Ultrasound is the recommended and preferred modality for fetal assessment. The umbilical artery vessels are assessed at the anomaly scan as per departmental protocols. Assessment is completed by using colour Doppler in the transverse plane of the fetal pelvis to visualise the two umbilical arteries branching laterally to the urinary bladder. The arteries can also be assessed by visualising a transverse section of the umbilical cord. Figure 1 demonstrates a typical three vessel cord visualised in a transverse section of the umbilical cord. Figure 2 and 3 demonstrate a single umbilical artery in the transvserse plain of the umbilical cord and branching at the fetal urinary bladder.
To assess the impact of identifying and performing growth surveillance of 2VC’s, a retrospective review of ultrasound scans that report a single artery umbilical cord and fetal outcomes was completed over a 9 month period. All routine anomaly scans and subsequent growth scans in pregnancies with single artery umbilical cords were reviewed, as were the final fetal birthweight at delivery (if available). The centiles of the birthweight were then assessed to identify if the 2VC made an impact on the fetal growth and outcome of the pregnancy.
The hospital being audited follow the Growth Assessment Protocol (GAP) and programme created by the Perinatal Institute. It is a standardised protocol for growth surveillance in pregnancy. GAP is aligned with Saving Babies Lives and the RCOG ‘small for gestational age’ guidelines. A personalised GROW chart (customised chart showing optimal estimated size/weight for each individual fetus) is created as per the GAP programme. The chart is adjusted based on maternal height, weight, parity and ethnic origin. Factors such as diabetes and smoking are excluded in order to predict the growth potential of the fetus. The estimated fetal weight and birth weight plotted on the personalised GROW chart were assessed to establish ‘normal’, ‘large’, or ‘small’ fetuses.

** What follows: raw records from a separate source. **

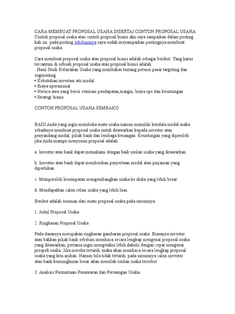 Cara Membuat Proposal Usaha Disertai Contoh Proposal Usaha - [DOC Document]
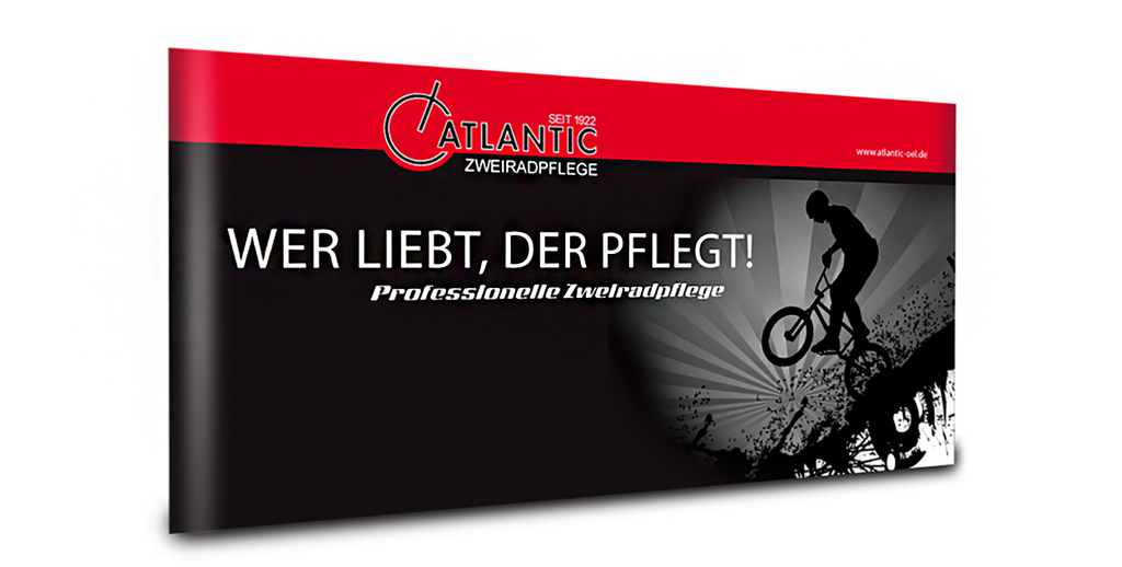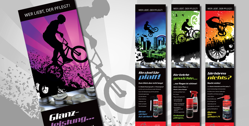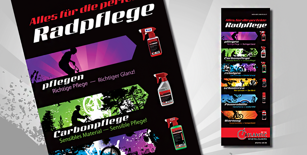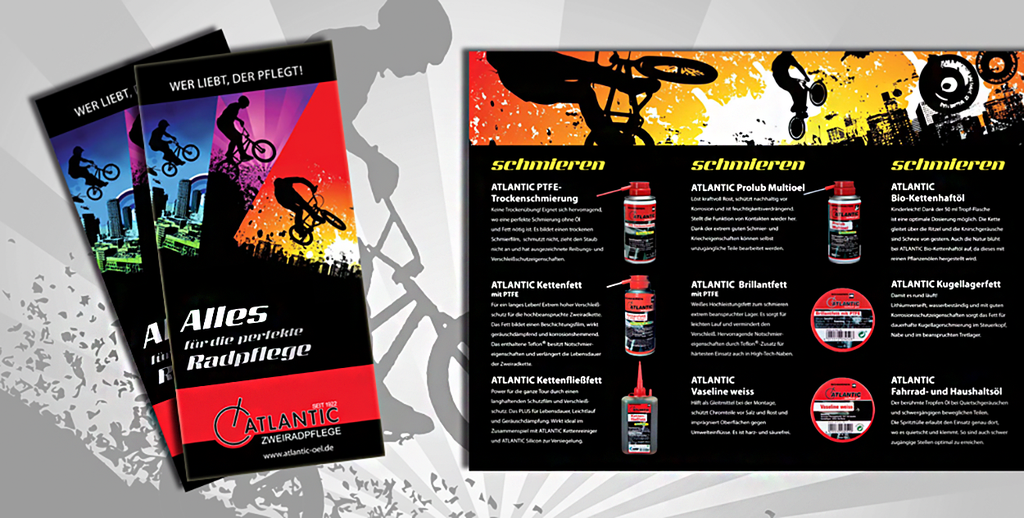 Atlantic Oil steht für Fahrradpflege – vom Reiniger bis zur Kettenpflege. Unsere Aufgabe: ein sportiver, dynamischer Auftritt, der am PoS auffällt und sich durchgängig von Anzeigen über Plakate und Messewände bis zur Produktverpackung und Flyerserie zieht.
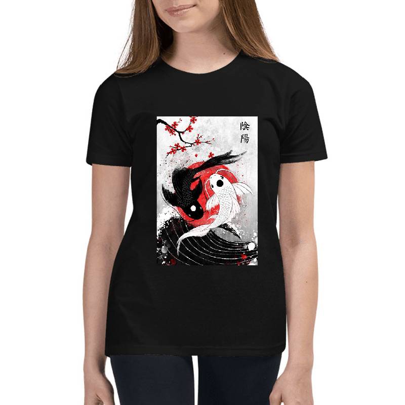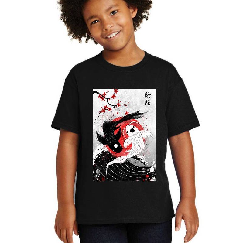 Koi fish - Yin Yang design artwork printed on Youth T-Shirt with latest DTF technology. Our new management team will place serving you. We offer best online shopping experience to our customers with 30 days return and exchange policy. Shop with confidence at T-funny.com
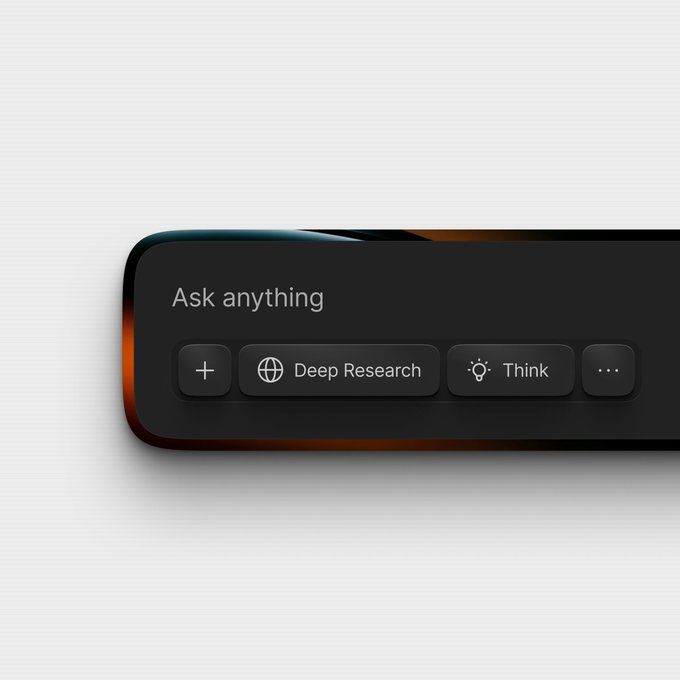This interface design utilizes a dark, glossy aesthetic to convey sophistication and focus. The visual language is clean and modern, emphasizing functionality through clear icons and minimal text. It successfully creates a premium feel suitable for advanced search or AI applications.
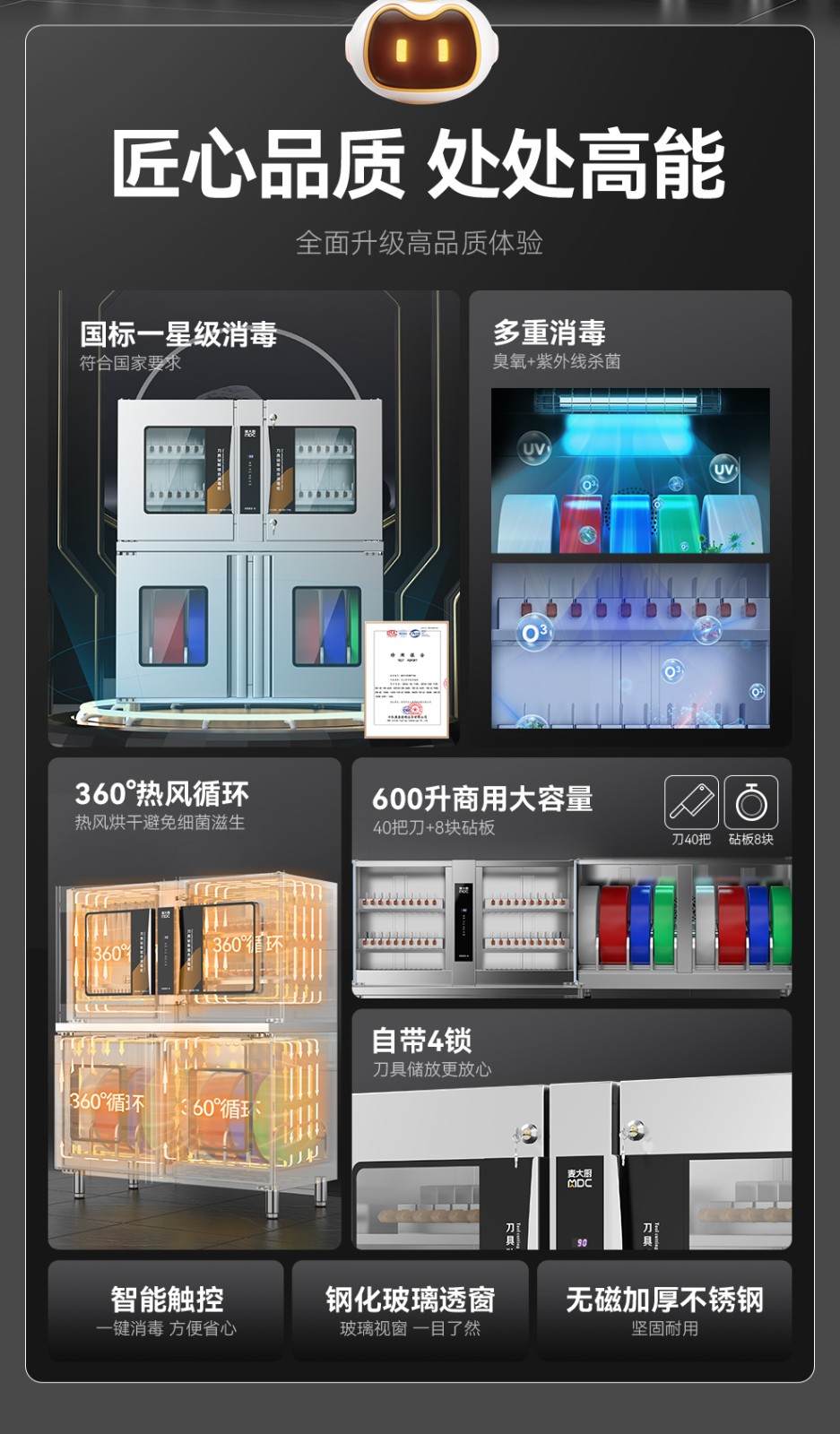 麥大廚智能款四門雙層刀具砧板組合臭氧紫外線熱風(fēng)循環(huán)消毒柜
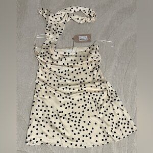 Stylish cream dress with black polka dots. Features a trendy shoulder tie.

Over the 9 month period reviewed, 3947 anomaly scans had been performed. A total of 13 2VCs were identified. Five birthweights were not available (due to ongoing pregnancies or noncompleted birth details) leaving eight accessible for evaluation. 37.5% were delivered small for gestational age. 25% were large for gestational age. And 37.5% were born at a normal birth centile (findings demonstrated in a pie chart, figure 4). All fetuses were livebirths with no further reported complications.
This study acknowledges that there is a limited sample size and the accuracy of identification of 2VC in the hospital trust was not assessed.